Okay, fantastic. Here is the main part of our interview. In your opinion, how can we break the addiction to being busy or trying to find the next big thing? How can people truly focus on tasks that make THE difference to their business and lives giving them satisfaction or life purpose alignment? Based on your experience and your area of expertise, can you please share “Five Ways To Move From Frenzy to Focused”?
- First and foremost, get your sense of self-worth from who you are, not what you do. The rest will fall into place. If you can’t swing that, here are some other tactics.
- Lead by example. Take time to go to the doctor when you are sick, show up for kids when they need you, and attend to life outside of work. As you do, make sure your team knows.
- Block time for yourself and your team.

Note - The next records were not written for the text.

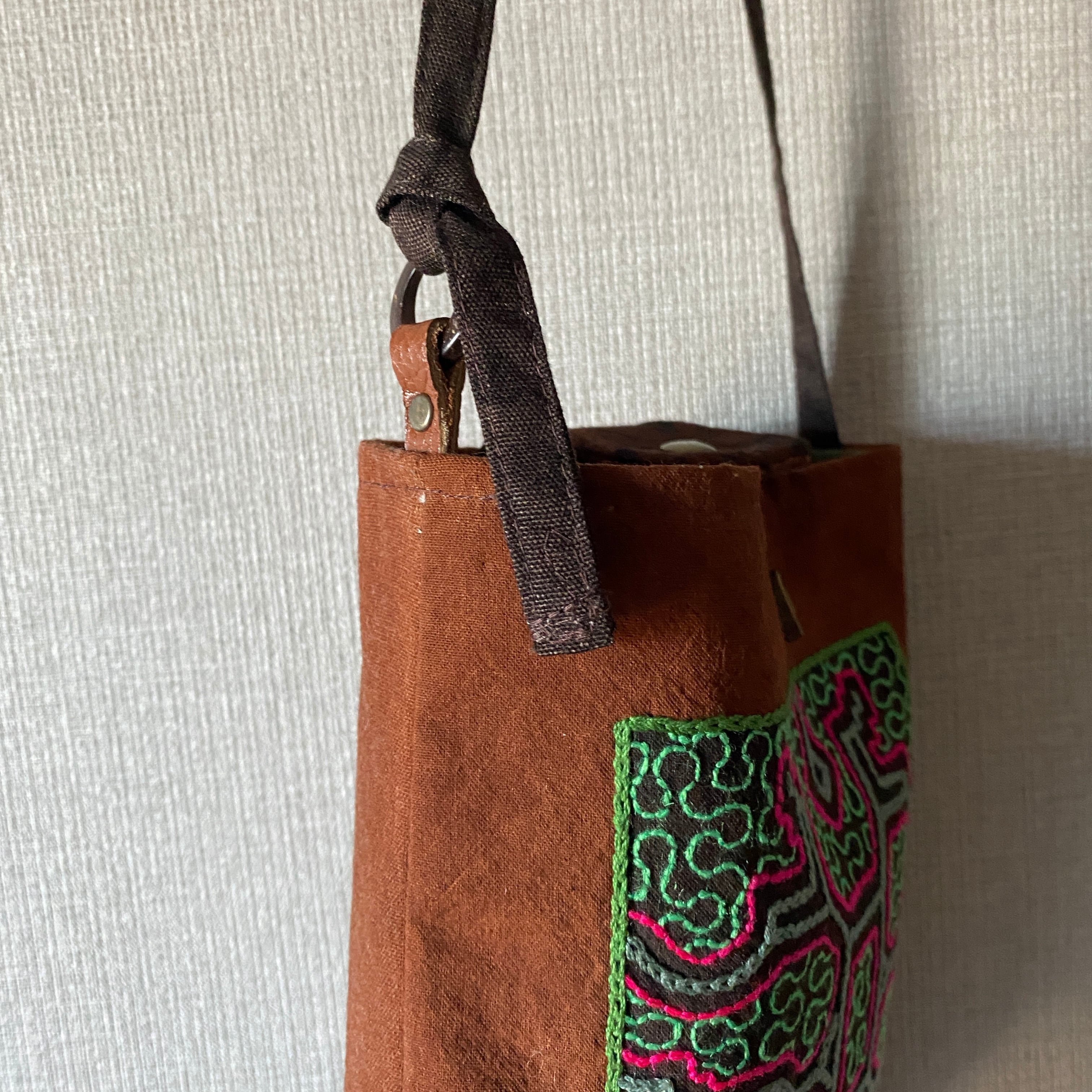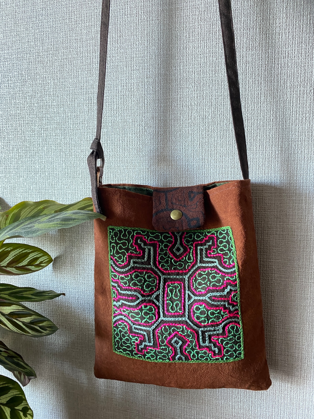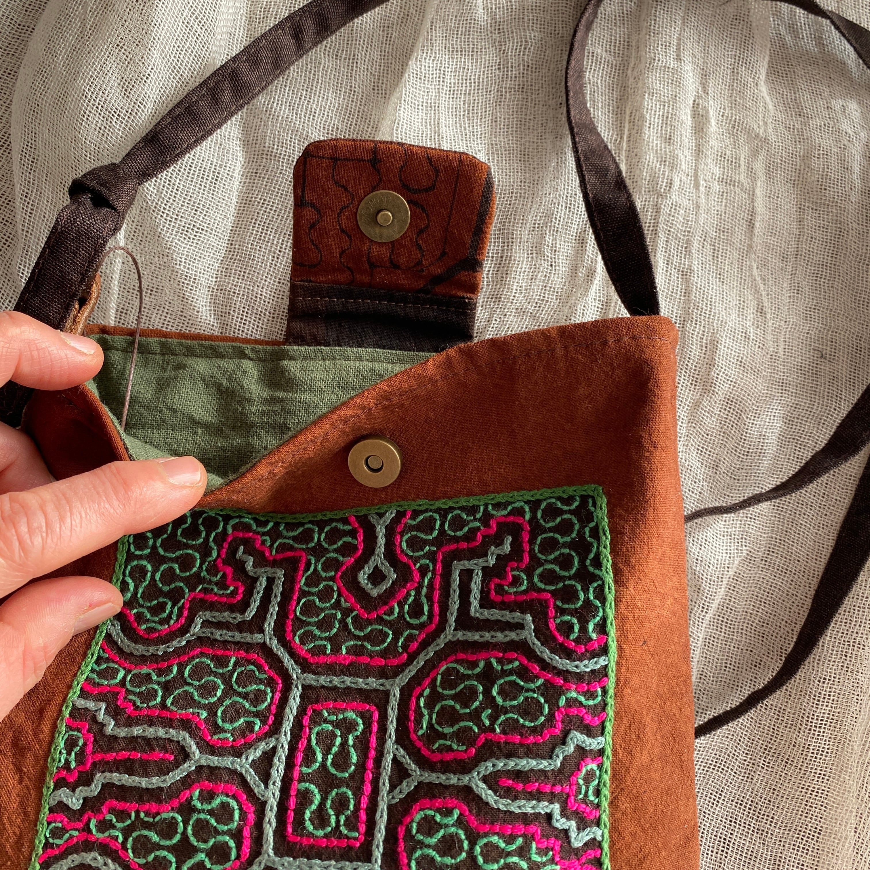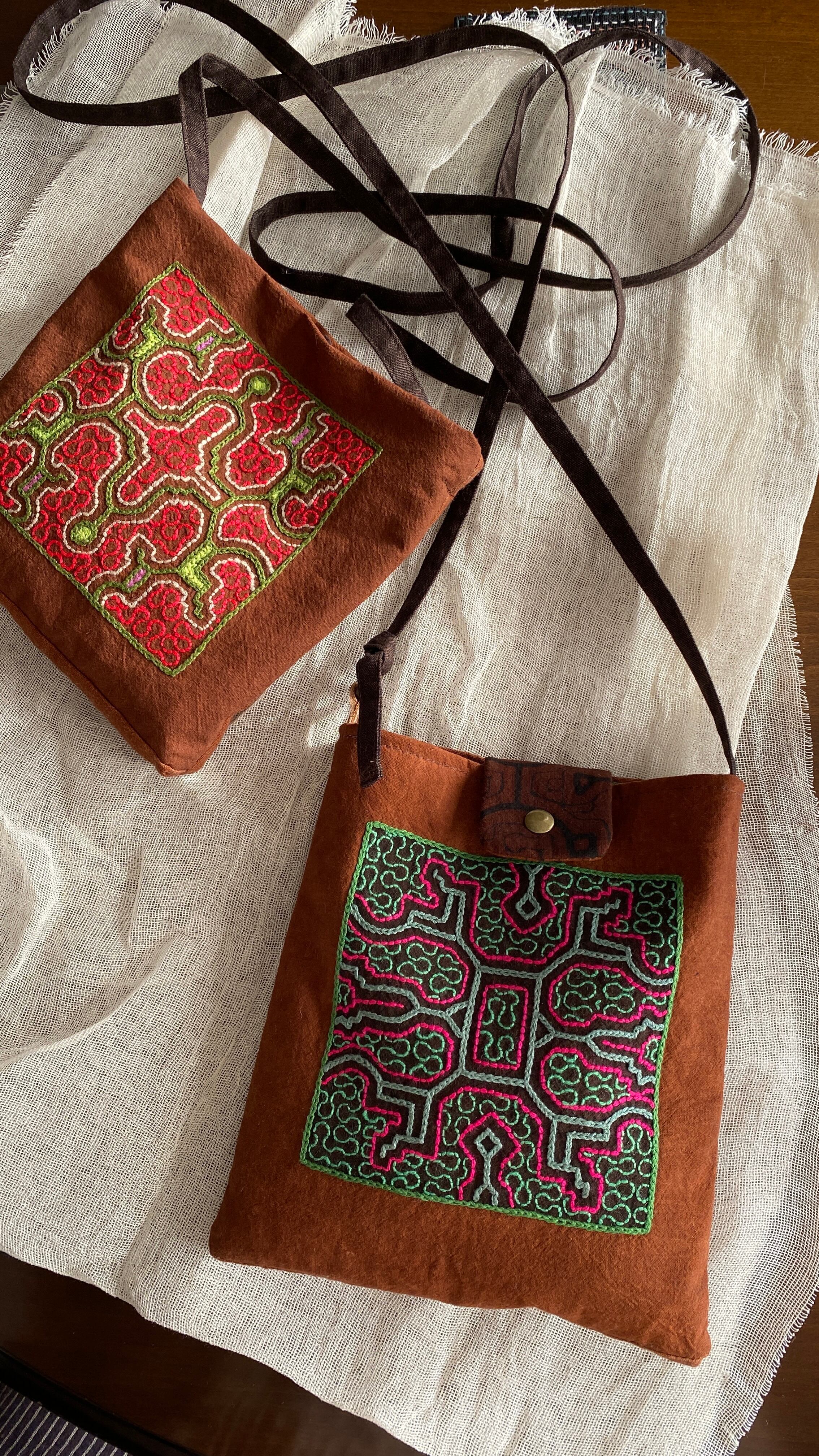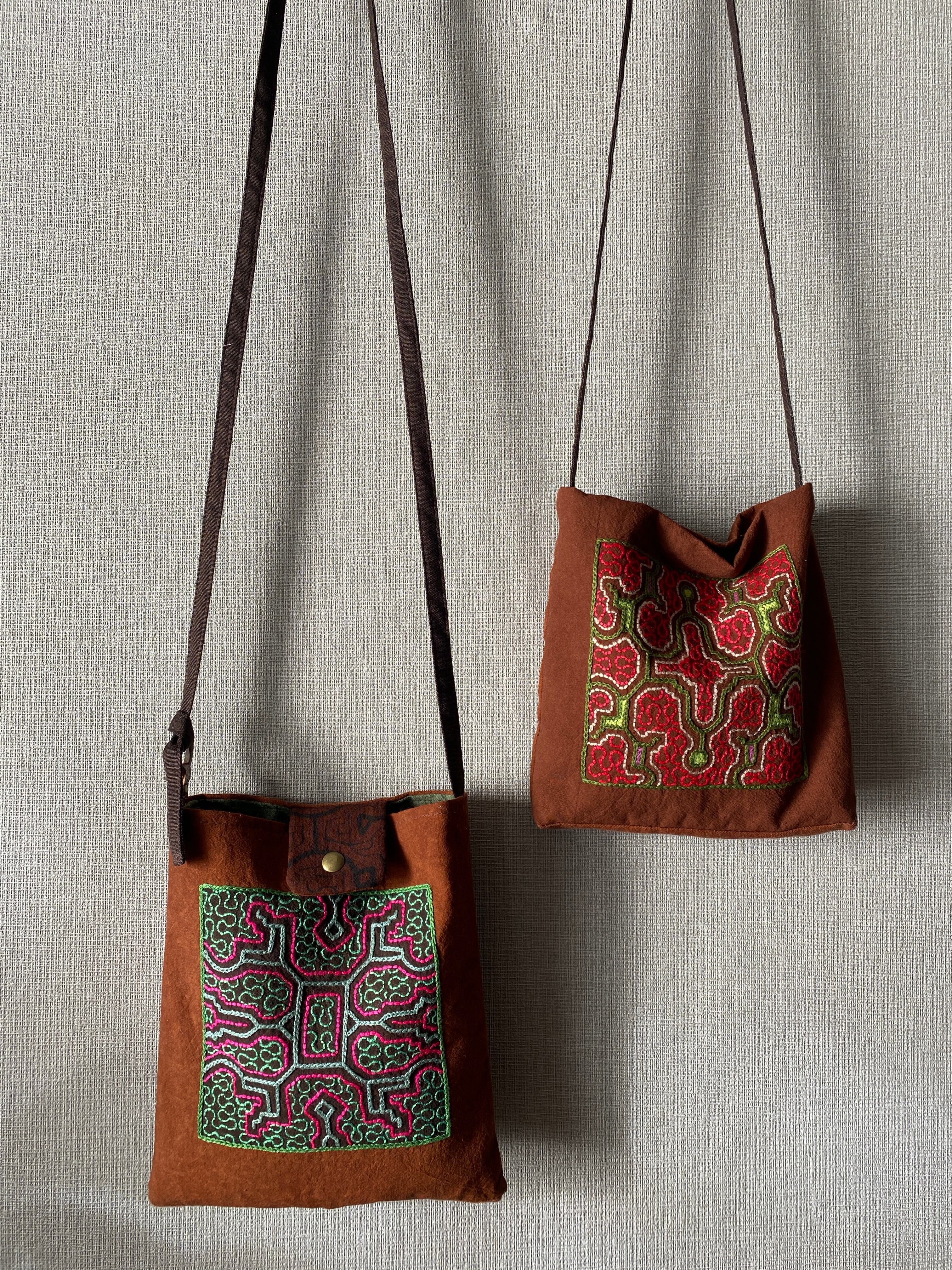 ゴージャス刺繍のポシェット 緑とピンク マグネットホック付き | アマゾン屋 シピボ族の泥染めとバッグと雑貨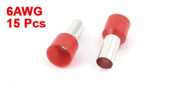 15 Pcs Wire Crimp Connector Terminal Pre Insulated Ferrule Red E16-12 6AWG 16mm2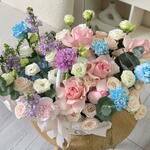 Гортензия - 1 шт. Эвкалипт - 2 шт. Роза - 5 шт. Кустовая роза - 4 шт. Гвоздика - 5 шт. Эустома - 4 шт.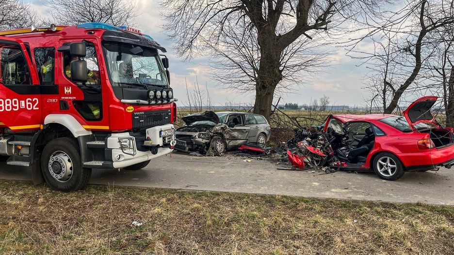 Do wypadku doszło we wtorkowe popołudnie na drodze powiatowej prowadzącej na trasie Zamość-Hrubieszów. Prowadzący audi 22-latek stracił panowanie nad samochodem, zjechał na przeciwległy pas i na łuku czołowo zderzył się z nadjeżdżającym z naprzeciwka volvo.

This is a time when slack, email, and texting are not responded to, and you can work without getting pulled off task. Ideally make it a designated time every week (Tues and Thurs 3–5, for example)
- Quit the “Stress Olympics.” Don’t show up for your team talking about how busy you are, how many meetings you have scheduled, or how full your inbox is. If you do, you inadvertently communicate expectations around “overwhelm” as a measure of commitment.
- Exercise. Walk, breathe, and take breaks. Your work product will be better for it and so will your long-term well-being.
How would you describe a work paradigm that is a viable alternative to Hustle Culture? What would it look like, and what would you call it?
We know what the paradigm needs to look like. The research is there. Engaged employees need purpose, the ability to develop mastery, and true autonomy. Create an environment that supports these things and call it whatever you like.
Do you have any favorite books, podcasts, or resources that have inspired you about working differently?
Sure. My favorite books around this topic right now are:
- The Attention Merchant — Tim Wu
- Stolen Focus — Johann Hari
- Flow — Mihaly Csikszentmihalyi
I am also really interested in the work of some ex-silcon valley innovators and the organization they have formed called the Center for Humane Technology (CHT) https://www.humanetech.com/solutions
This was very inspiring. Thank you so much for the time you spent on this. We wish you only continued success.